Fibonacci Sequence: The Connection To Vedas, Role Of Sanskrit, And A Look Into What Drove Science In Ancient India

The 23rd of November is celebrated as ‘Fibonacci day’ because when the date is written in the mm/dd format (11/23), the digits in the date form a Fibonacci sequence: 1,1,2,3.

The Fibonacci sequence - a sequence of numbers with an inherent pattern - appears surprisingly often in nature. Their appearance is so fascinating that an entire journal is dedicated to the Fibonacci numbers, in the Fibonacci Quarterly.

The name ‘Fibonacci’ is due to a 13th-century Italian mathematician Leonardo of Pisa, who later came to be known as Fibonacci. However, what we Indians popularly call ‘Fibonacci numbers’ find their earliest mention in the 2nd century BCE work of Acharya Pingala.

Fibonacci is also credited with introducing Indian numerals in the West, and in his historic work, Liber Abaci, he expresses his attraction to learning the Modus Indorum - the method of the Indians.

What Are Fibonacci Numbers?

In the Fibonacci sequence, each number is the sum of the previous two, starting from 0 and 1. Therefore, the sequence looks like this:

0, 1, 1, 2, 3, 5, 8, 13, 21, 34, 55, and so on.

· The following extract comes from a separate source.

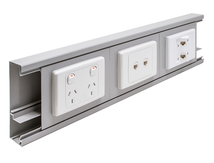
FULL SIZE SECTION

The ratio of consecutive Fibonacci numbers approaches the ‘golden ratio’ or phi = 1.618. (In mathematics, two quantities are in the golden ratio if their ratio is the same as the ratio of their sum to the larger of the two quantities; that is, (a+b)/a = a/b; if a is larger than b).

The Fibonacci sequence is manifested in the pattern of branching in trees, in the arrangement of leaves on a stem, in the fruit sprouts of a pineapple, etc.

An Indian Institute of Science paper investigated the pattern on the conch shells and found that it satisfied the Fibonacci patterns. The shape of galaxies, along with the arrangement of piano keys also follows the Fibonacci pattern.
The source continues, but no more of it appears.